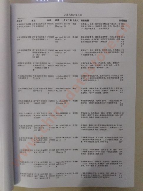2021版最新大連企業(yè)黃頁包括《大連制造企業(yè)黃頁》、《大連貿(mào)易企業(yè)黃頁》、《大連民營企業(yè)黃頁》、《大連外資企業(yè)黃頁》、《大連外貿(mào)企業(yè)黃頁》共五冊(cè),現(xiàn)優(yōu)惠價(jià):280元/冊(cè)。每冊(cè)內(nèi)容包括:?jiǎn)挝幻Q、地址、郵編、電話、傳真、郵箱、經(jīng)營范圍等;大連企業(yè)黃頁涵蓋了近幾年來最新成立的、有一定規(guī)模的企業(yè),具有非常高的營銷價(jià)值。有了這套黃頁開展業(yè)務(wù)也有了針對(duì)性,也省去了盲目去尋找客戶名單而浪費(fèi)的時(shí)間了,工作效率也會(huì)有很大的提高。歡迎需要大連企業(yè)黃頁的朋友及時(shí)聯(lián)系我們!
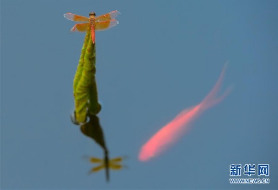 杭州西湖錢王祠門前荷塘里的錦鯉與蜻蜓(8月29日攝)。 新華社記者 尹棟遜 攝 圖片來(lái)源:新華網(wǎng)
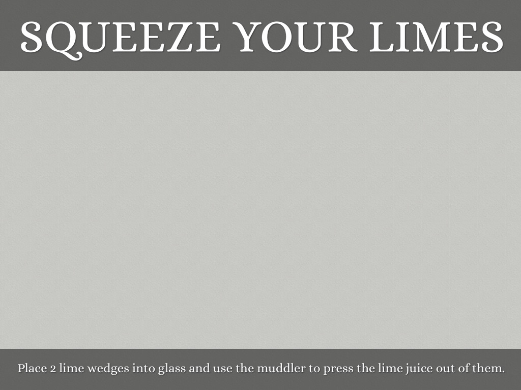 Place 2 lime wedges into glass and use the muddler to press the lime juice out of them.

...

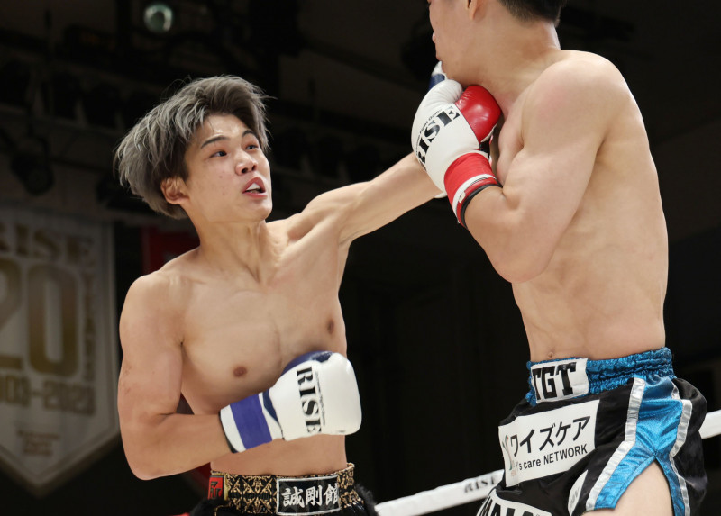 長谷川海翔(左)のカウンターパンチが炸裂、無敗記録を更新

◆ Brief
Starting at the line above that contains "杭州西湖錢王祠門前荷塘里的錦鯉與蜻蜓(8月29日攝)。 新華社記者 尹棟遜", transcribe every line exactly through the line that contains "Place 2 lime", including that last one, and skip the pictures.

◆ Response area
 杭州西湖錢王祠門前荷塘里的錦鯉與蜻蜓(8月29日攝)。 新華社記者 尹棟遜 攝 圖片來(lái)源:新華網(wǎng)
 Place 2 lime wedges into glass and use the muddler to press the lime juice out of them.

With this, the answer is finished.